Hierarchy of Working with Purpose

Maslow’s Hierarchy of Needs and Daniel Pink’s Motivation 3.0 principles tell us a lot about what motivates us in the workplace. Our Hierarchy of Working with Purpose borrows from that broader body of psychology research and is a pragmatic guide for leaders to unlock the potential of their teams:

Hierarchy of Working with Purpose

Like Maslow’s hierarchy, we start at the bottom of the pyramid and can only “un-lock” the next level by satisfying the preceding one.

Prioritized, Intentional Work
I know what to work on and I’m working on the most important things.

If a leader doesn’t regularly communicate priorities and make clear what’s most important, their team won’t know why they’re performing one task vs. another. Conversely, an environment where clear priorities inform decision-making is the foundation for purposeful work.

💯 Autonomy and Ownership
I feel ownership of my work and have autonomy to achieve it.

Letting your team own outcomes and affording them creativity for how to achieve them builds a positive culture of ownership and accountability. When we have autonomy and feel ownership of our work, we naturally look to imbue it with meaning.

🤜 🤛 Connectedness / Alignment
I know how how my work is connected to the greater whole.

Evan at moderately sized organizations, it’s easy for the work of an individual or team to feel isolated. It’s essential for leaders to help connect the dots between what the CEO says are the top priorities and what their team is trying to accomplish everyday. There’s also an opportunity to seek out disparate teams working on similar problems, which additionally adds to the sense of collectively working towards common purpose.

🙏 Higher Calling
I’m inspired by my company’s mission and make it my own.

At the top of the hierarchy lies the opportunity for employees to be fully engaged in a purpose-driven company. One of leader’s key responsibilities is to formalize the mission, typically expressed as a statement or single paragraph and often complimented by a vision and written long-term strategy.

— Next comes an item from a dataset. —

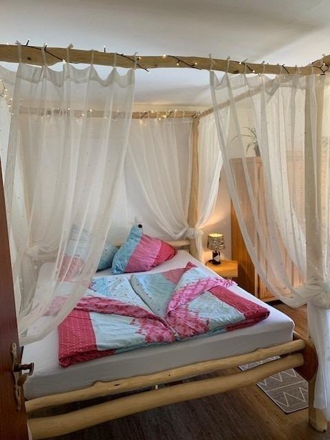 Ihr schlaft in einem tollen Himmelbett. Die Küche ist vollausgestattet mit einem Zwei-Platten-Herd, einem kleinen Kombi-Backofen mit Mikrowelle und einem Kühl-/Gefrierschrank.

Getting the mission and other pieces formally in place is fundamental. But to make the mission more impactful than something just written in the employee handbook, there needs to be regular, tangible progress towards it (e.g., context for connecting work to impact). One of the best tools a leader has to accomplish that is by setting medium and long-term aspirational goals. When the team not only believes in the mission, but sees the company making incremental progress towards it, they’ll want to keep pushing even harder.

Putting It All Together

Even “routine” work can take on meaning and purpose when I understand its importance, I feel ownership of it, I know how it fits into the bigger picture for the company, and I see that we’re steadily moving forward on our mission.

Enter OKRs

The Objectives and Key Results (OKRs) framework can be a superpower for creating an environment where employees are able to work with purpose. Companies like Intel, LinkedIn and Airbnb have achieved amazing results with OKRs, but less often discussed is the fact that deploying a goal framework in the right way can create a vastly better working environment (note that much of this also applies to other great goal setting frameworks like V2MOM).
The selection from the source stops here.